Outdoor Cooking Fire to Escape the Heat?

ChanellG

Guru
Joined
8 Nov 2013
Local time
3:00 AM
Messages
459
Location
Louisiana
Sometimes it gets so hot in the summer that the last thing I want to do is to heat up the kitchen to cook some food. Forget about lighting the oven, that's just asking to suffer! Last year I started looking into ways to cook outdoors, but I wanted to set up a sort of campfire, not grill over purchased charcoal in a barbecue grill.

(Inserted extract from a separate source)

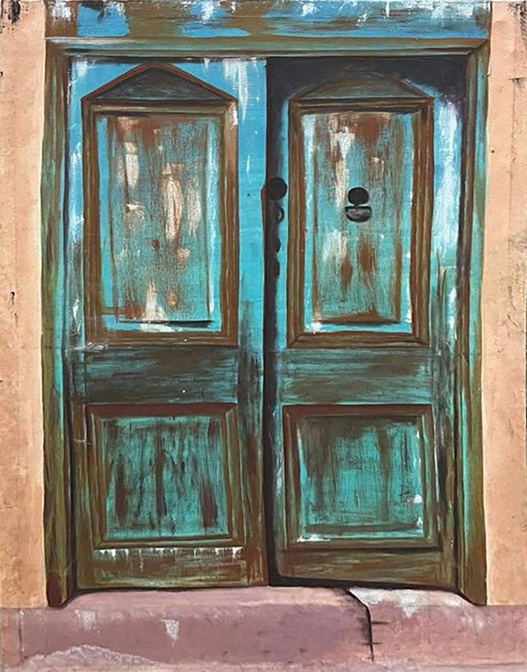 The painting depicts a rustic, weathered double wooden door with a distressed turquoise and teal finish, revealing brown patches beneath. The surrounding frame is in beige and brown tones, and the base shows a cracked pinkish-brown step. The doors feature raised panels and two keyholes, creating a v...

I've seen camping recipes, but I'm more interested in cooking the way people did before they had indoor kitchens. Does anyone know how to make "regular" meals over an actual wood fire?
 
Yep, just get on with it as normal. Seriously. I have lived outdoors extensively having lived in a tent by choice for a year and often gone on bushcraft and survival courses prior to that and it is simply a case of cooking normally. OK, you can't as easily bake items in an oven, but you can use ground ovens if you have the land owners permission to dig and assuming you are not anywhere that is likely to catch fire (ground ovens and peat soil do not mix), but there is also no reason as to why you can't build an outdoor oven in your own garden heated from below. As for cooking on an open fire, well if it is your garden consider something like this

IMG_1464_1024b.jpg


We used them whenever they were available. They swing out so you can light the fire and control the heat, some where very height adjustable like this one

IMG_1477_1024b.jpg


Or even this one, where the fire was lit in a pit that was concrete lined to protect the local soil type from fire (peat with some sandy areas).

IMG_0129_1024.jpg


We just cooked normally as we would on a stove.
 
...but there is also no reason as to why you can't build an outdoor oven in your own garden heated from below

I would actually like to have a solar oven at some point. It gets soooooo hot here by July I am sure it would take no time to roast something in one. As for cooking in my garden, I'd likely use a galvanized tub as a fire pit. It's just something I've been looking into as I was recently in a situation with a lot of wood from cutting a tree during the heat of summer.